TASK DIRECTIONS: Could you set down exactly the lines of the data below, starting at the one that holds "パールの留め具がアクセントとなる、3連パールブレスレット。" and ending at the one that holds "Hunter Saddle Creek", both included, and only those?

━━━ DATASET ENTRIES

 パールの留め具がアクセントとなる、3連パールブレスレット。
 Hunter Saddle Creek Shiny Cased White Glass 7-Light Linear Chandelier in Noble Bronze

━━━━━━
━━━ DATASET ENTRIES

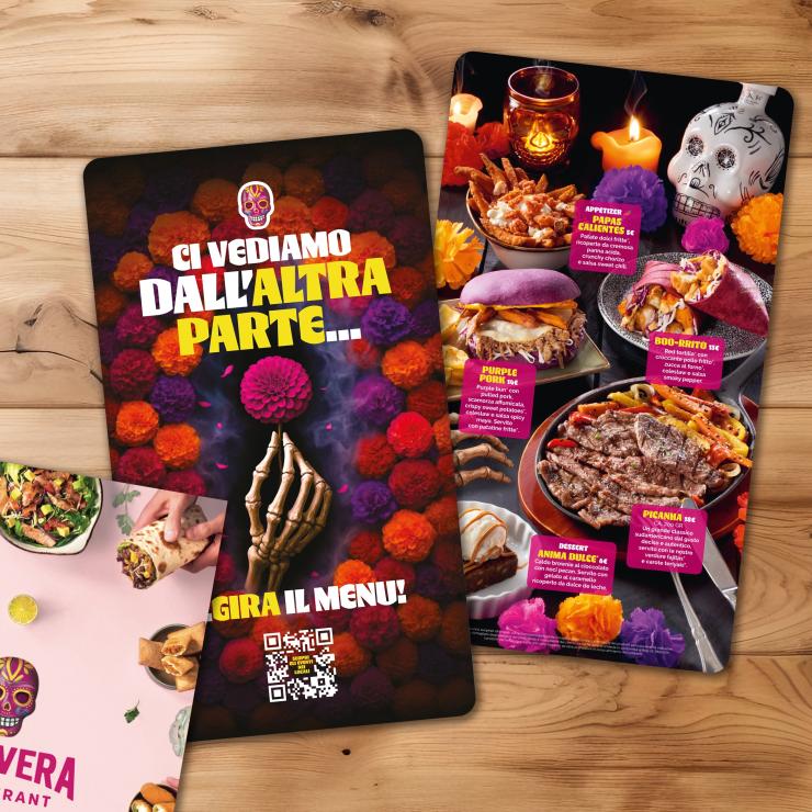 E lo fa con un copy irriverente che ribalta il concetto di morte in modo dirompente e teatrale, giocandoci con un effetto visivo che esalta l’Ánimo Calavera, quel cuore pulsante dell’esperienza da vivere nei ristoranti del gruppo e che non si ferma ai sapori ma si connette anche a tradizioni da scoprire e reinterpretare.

━━━━━━

OUTPUT OF THE TASK:
 パールの留め具がアクセントとなる、3連パールブレスレット。
 Hunter Saddle Creek Shiny Cased White Glass 7-Light Linear Chandelier in Noble Bronze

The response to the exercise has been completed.